Les aires d'autoroute

et tous ces endroits de passage. Quais de métro, aires d'autoroute, places de train, sièges de taxi, d'avion et autres. Autant d'endroits qui sont à la fois vacants et pleins, lisses et poreux à la fois. On les découvre vierges et porteurs de l'odeur, de la présence discrète de ceux qui les ont déjà occupés, et on les investit le temps d'un voyage, d'un café, d'une discussion tantôt plein de méfiance superficielle, tantôt anonyme et profonde, justement profonde grâce à l'anonymat qu'elle garantit. On dit facilement tout à un interlocuteur qu'on ne reverra jamais, dont le regard et le jugement n'ont pas de mémoire. Tout est là dans ces endroits pour garantir le confort de tout le monde, chacun modèle son espace de manière à l'adapter à ses propres habitudes. Le mauvais bouquin calé contre le porte-gobelet, l'ordinateur sur le socle avec le film qui ronronne, le roulage en boule pour s'endormir confortablement, confiant ses pensées au paysage qui défile tout en s'offrant en spectacle au quidam qui regarde passer les trains, spectacteur de la banalité. Abandon moite, tiède attachement. 
Justement, regardons-nous. Toutes nos façades civilisées se délitent au fur et à mesure que l'impersonnel nous envahit. Les cravates se desserrent, nos chaussures sont discrètement déchaussées, les coups d'oeil  baladeurs sur la poitrine de la voisine sont moins timides... notre nature animale reprend doucement le dessus au fur et à mesure que le voyage se déploie.
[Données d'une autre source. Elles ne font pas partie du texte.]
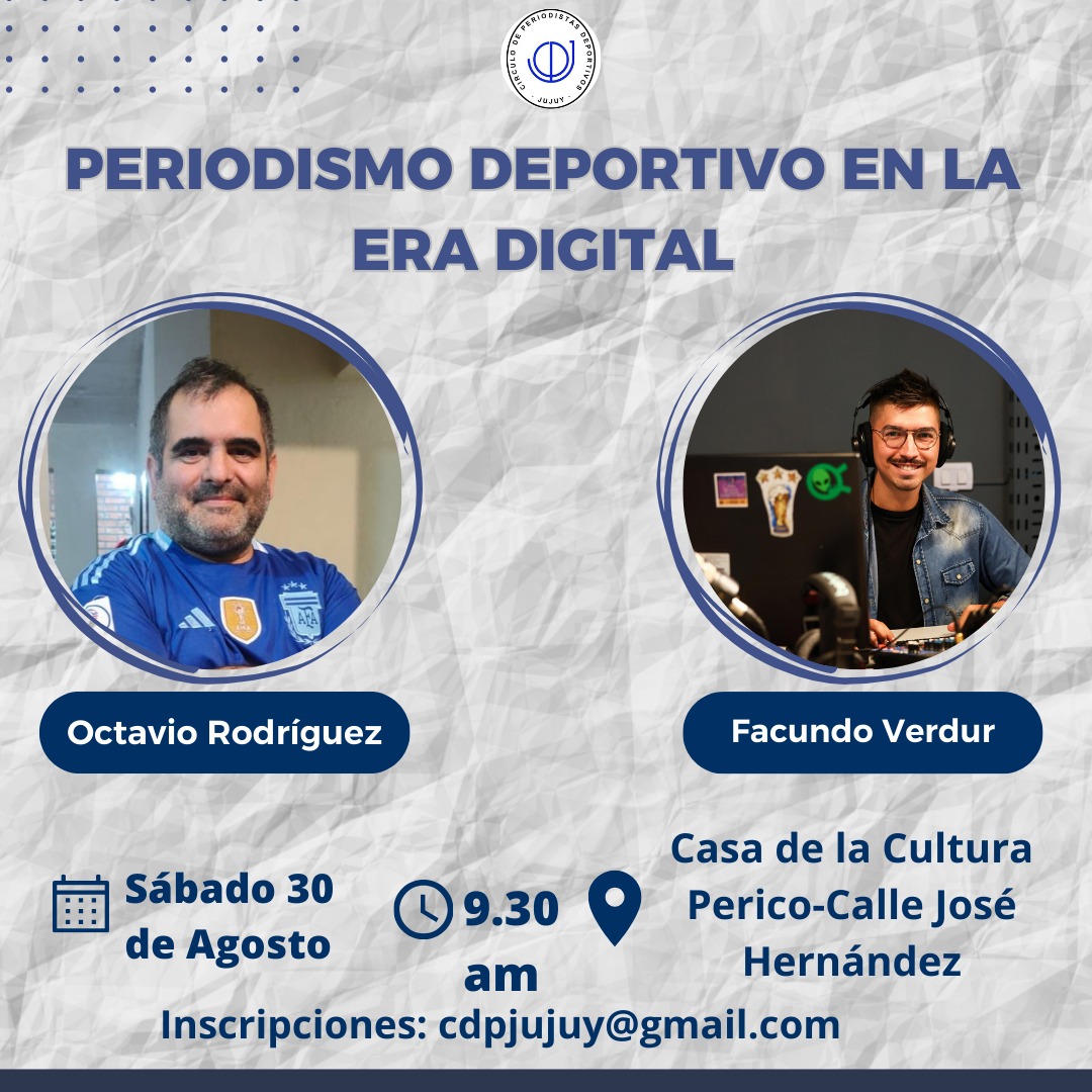 Organizado por el Círculo de Periodistas Deportivos de Jujuy, el próximo sábado 30 de agosto se llevará a cabo la capacitación denominada “Periodismo Deportivo en la Era Digital – Transmisiones Deportivas”.

Le sommeil, parfois, nous gagne, et nous offrons dans tout son abandon notre corps désarmé au regard d'autrui. C'est terrifiant.

Tandis qu'à l'arrivée, le ressort se bande à nouveau. Nous nous apprêtons à être réinséré dans le circuit de nos vies parallèles. Un tel va prendre la ligne 14 pour rejoindre Bastille, l'amoureux de la jolie brune sera là pour accueillir sa belle sur le quai, la vieille dame de devant appelle son mari pour savoir "si le taxi est bien à l'heure"... Et moi, comme les autres, redeviens humain, civilisé. Je reprends mes affaires, remets mes chaussures, cesse de parler, guette le quai par lequel on va descendre pour aller plus vite, fulminant contre la sale vieille de devant qui n'en finit pas de réunir tous ses sacs. Heureusement que Facebook me console de tout cet anonymat. Mon errance va redevenir polarisée puisque je sais maintenant où aller et vers quel but porteront mes pas. Les personnes qui m'entendront seront à nouveau identifiées, me permettant de bien vite oublier ces inconnus auprès desquels j'ai pu me laisser aller à une confidence malheureuse. Fort heureusement, ils ne pourront pas me nuire, le cas échéant je nierai de leur avoir parlé. Communiquer, oui, mais pas avec n'importe qui.